While Fe–S and Fe–O–S alloys could provide a match to the SKS-informed core models, they do so at unreasonably high sulfur fractions (e.g., estimates of reasonable S fractions from 30, 74, are 17 to 19%). Inclusion of C, even at the solubility limit, only marginally reduces the sulfur fraction required. However, adding hydrogen to a Fe–S–O–C alloy increases the core velocity substantially, while requiring much less sulfur to account for the density. The effect of varying CMB temperature and pressure is to broaden these lines, increasing both the range of possible velocities for a given density by ∼100 m/s (SI Appendix, Fig. S23) and the width of implied posterior elemental abundance distributions. Finally, we note that a Fe–Si alloy would produce seismically impermissible velocities > 6, 000 m/s (77), independently reinforcing the conclusion, drawn from assessments of the oxidizing conditions of Mars’ formation, that only a negligible amount of Si is present in Mars’ core e.g., ref. 30.
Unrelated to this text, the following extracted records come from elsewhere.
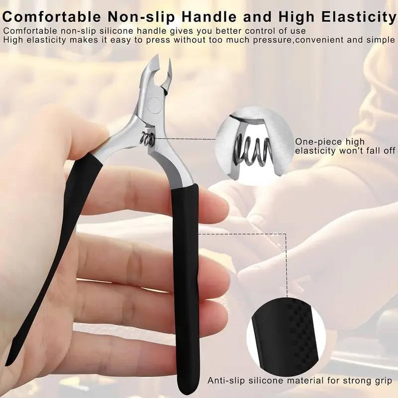 Generic - قطاعة الزوائد اللحمية بمقبض سيليكون اسود - قصافة اظافر من الستانلس ستيل لاظافر اليدين والقدمين، اداة تشذيب دقيقة للزوائد اللحمية والجلد الميت والاظافر المعلقة، اداة مانيكير متينة
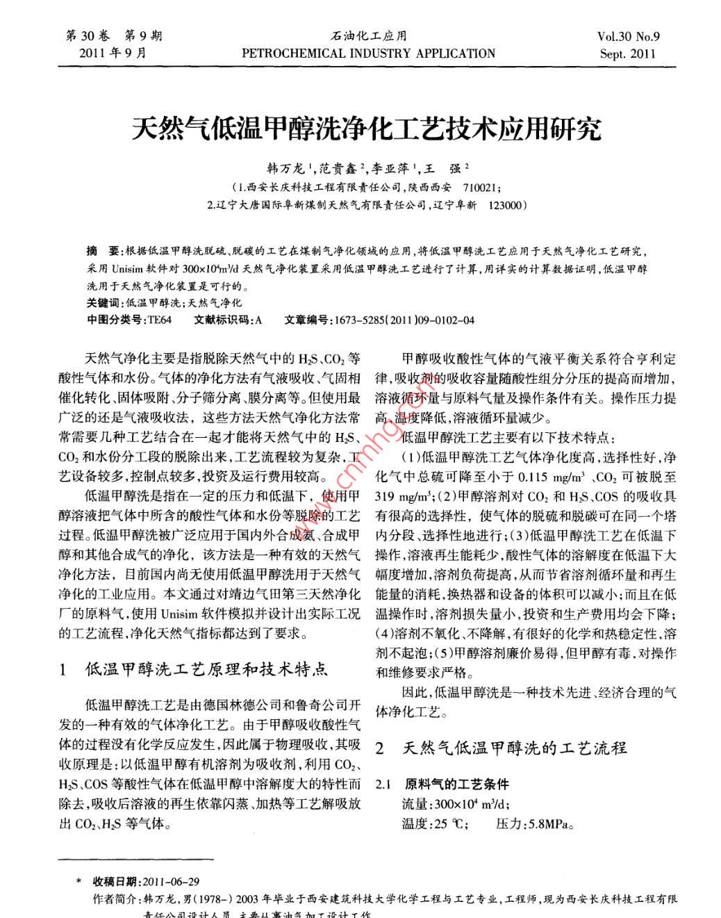 天然氣低溫甲醇洗凈化工藝技術(shù)應(yīng)用研究
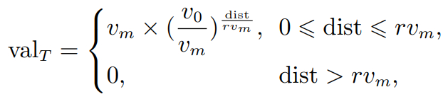 1)战场区域内存在 M 个目标节点,定义为 T = {T1,T2,· · ·,TM}. Tm(m = 1,2,· · ·,M)的位置为(txm,tym),在节点覆盖半径rvm内对战场子区域∆S 的侦察感知能耗valT(∆S,Tm)为
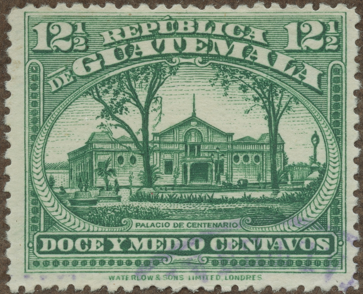 Frimärke från Guatemala, 1922. Motiv av "100-årspalatset" i Guatemala Minne av 100 års oberoende
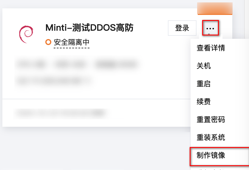 1. 选择被隔离的服务器,单击制作镜像,制作旧轻量制作镜像 A。具体操作步骤,请参见 创建自定义镜像。
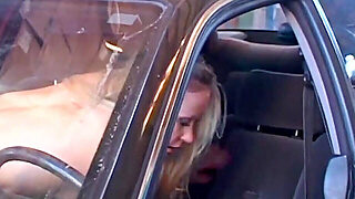 ultra-kinky towheaded woman from Germany riding a cock in the back of the car

We now turn to the results of our compositional inversions; full details of the methods used are provided in SI Appendix, sections S4.4–S4.5. We find that the assumptions made when seeking to match the density and velocity of our core models with compositional models are as important as the seismic inversion choices and, in some cases, can restrict the space of allowed core velocity–density space even more tightly than the SKS observations. When we use EH45 to model the Martian mantle and assume that O, S, C, and H are the light elements in the core, we infer core compositions that contain a median of 16.5 wt% S for the geodynamical models and 15.4 wt% S for the geophysical models, with IQRs of 15.1 to 18.4 wt% and 14.6 to 16.3 wt%, respectively. The corresponding median core fractions of other light elements are 2.9 to 3.2 wt% O (IQRs span 2.7 to 3.7 wt% for the two families of models), medians of 1.2 to 1.4 wt% C (IQRs span 1.0 to 1.5 wt%) and 0.5 to 0.6 wt% H (IQRs span 0.2 to 0.7 wt%). The S and H contents of the core are, as expected, anticorrelated (SI Appendix, Fig. S24)—a core with appropriate density can be achieved with either very little H and a larger amount of S, or a larger fraction of H and a lower amount of S. The choice to model the core as saturated in C has an impact of ∼1 wt% on the quantities of all the other light elements interpreted to be present in the core. The choice of the equation of state for liquid FeH is also critical for these compositional inferences. Thus, we do not stress precise compositional inferences but rather argue that the core-traversing waves presented here are indicative of a core with a high fraction of light elements.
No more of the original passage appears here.